EXERCISE DIRECTIONS:
Check every line of the records below for the string "atividades" and copy the ones that have it.

SOURCE MATERIAL:
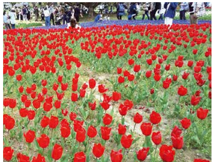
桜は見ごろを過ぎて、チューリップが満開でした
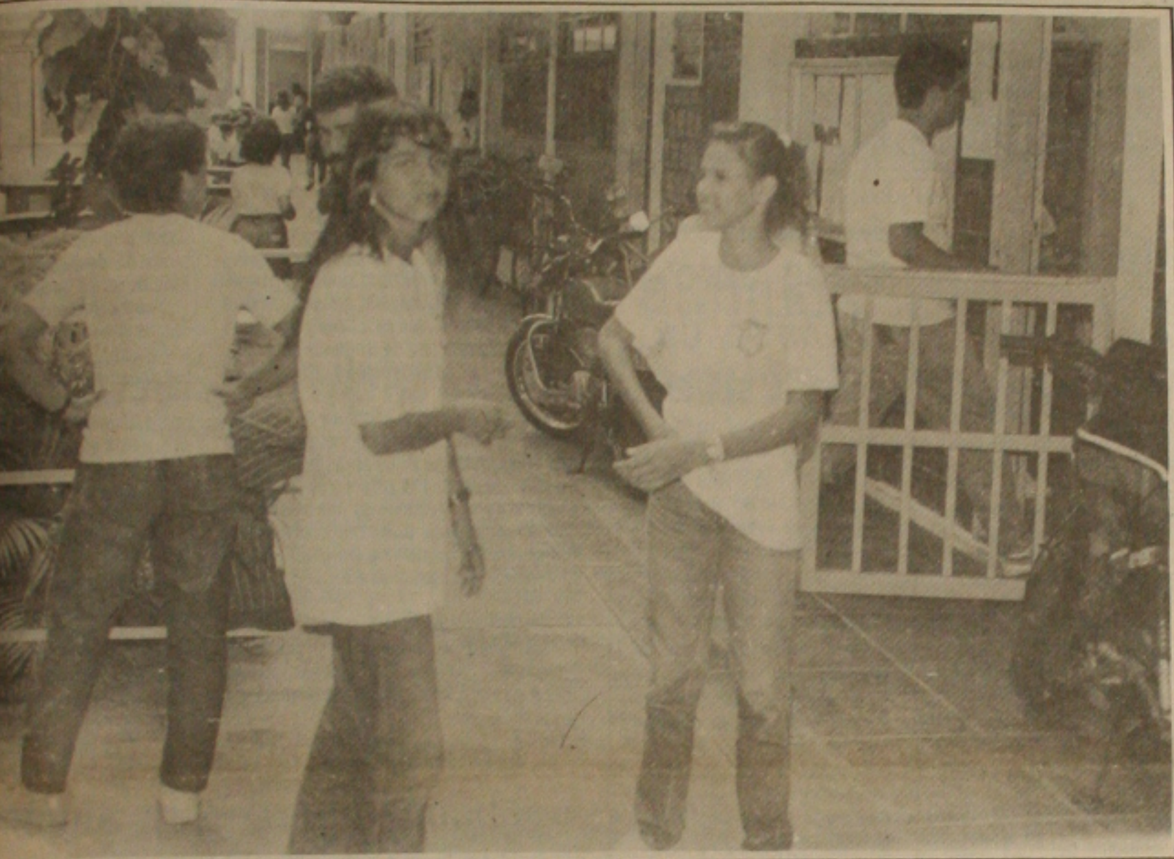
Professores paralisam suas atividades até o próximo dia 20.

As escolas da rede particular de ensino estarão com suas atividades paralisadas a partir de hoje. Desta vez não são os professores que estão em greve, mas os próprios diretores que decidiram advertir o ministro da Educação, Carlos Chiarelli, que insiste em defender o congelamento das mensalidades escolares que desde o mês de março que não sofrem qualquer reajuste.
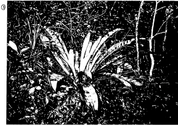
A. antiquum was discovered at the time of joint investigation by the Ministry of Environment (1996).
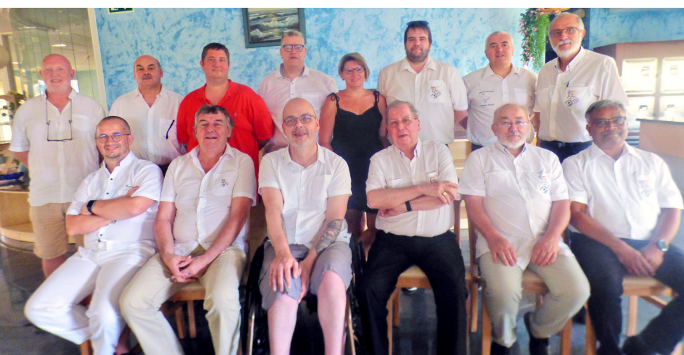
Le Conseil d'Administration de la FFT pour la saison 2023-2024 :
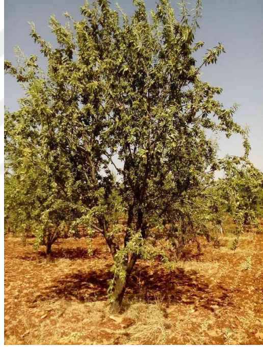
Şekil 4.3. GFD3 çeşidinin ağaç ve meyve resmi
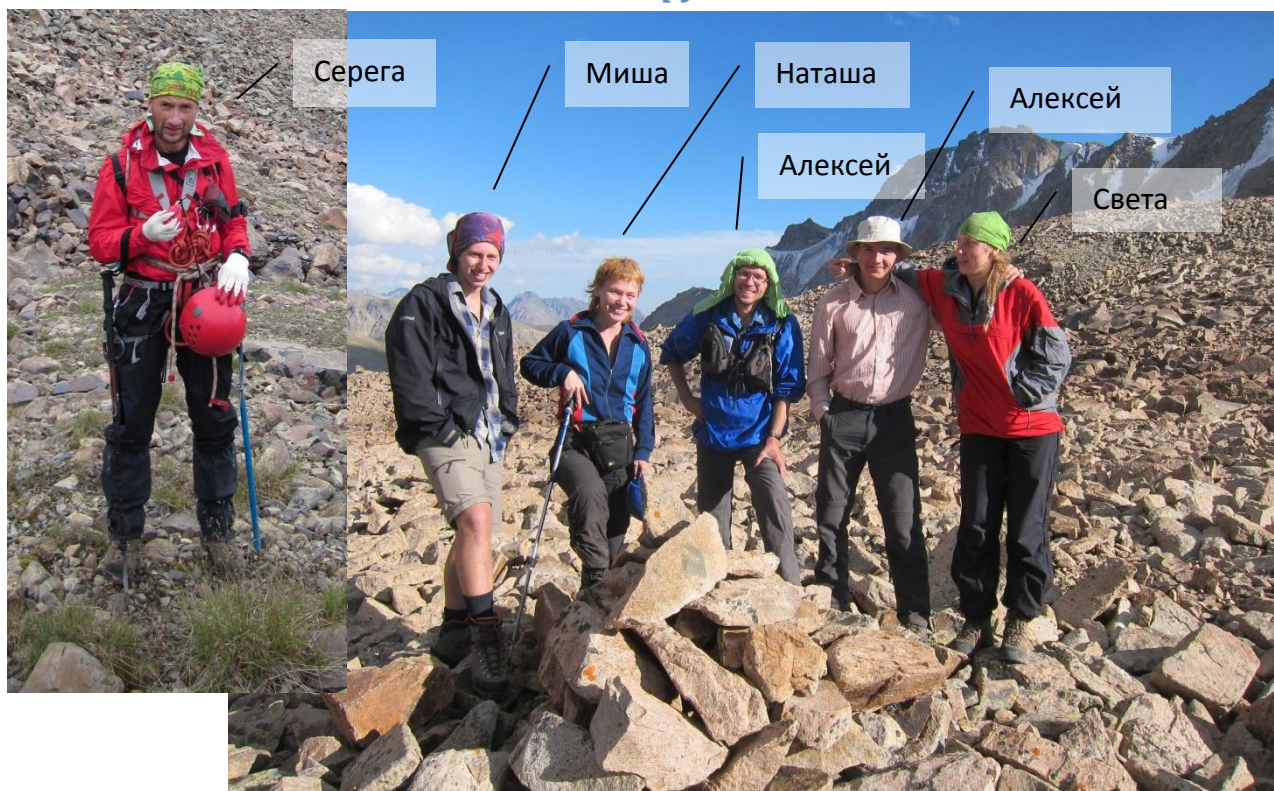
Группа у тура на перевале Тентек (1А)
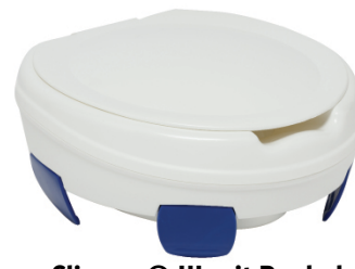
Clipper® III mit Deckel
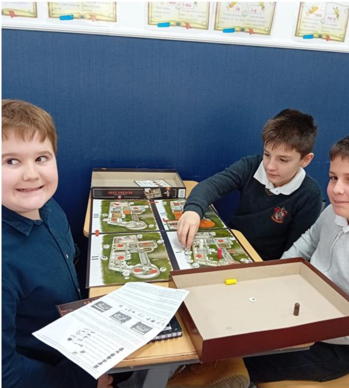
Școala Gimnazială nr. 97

TASK ANSWER:
Professores paralisam suas atividades até o próximo dia 20.
As escolas da rede particular de ensino estarão com suas atividades paralisadas a partir de hoje. Desta vez não são os professores que estão em greve, mas os próprios diretores que decidiram advertir o ministro da Educação, Carlos Chiarelli, que insiste em defender o congelamento das mensalidades escolares que desde o mês de março que não sofrem qualquer reajuste.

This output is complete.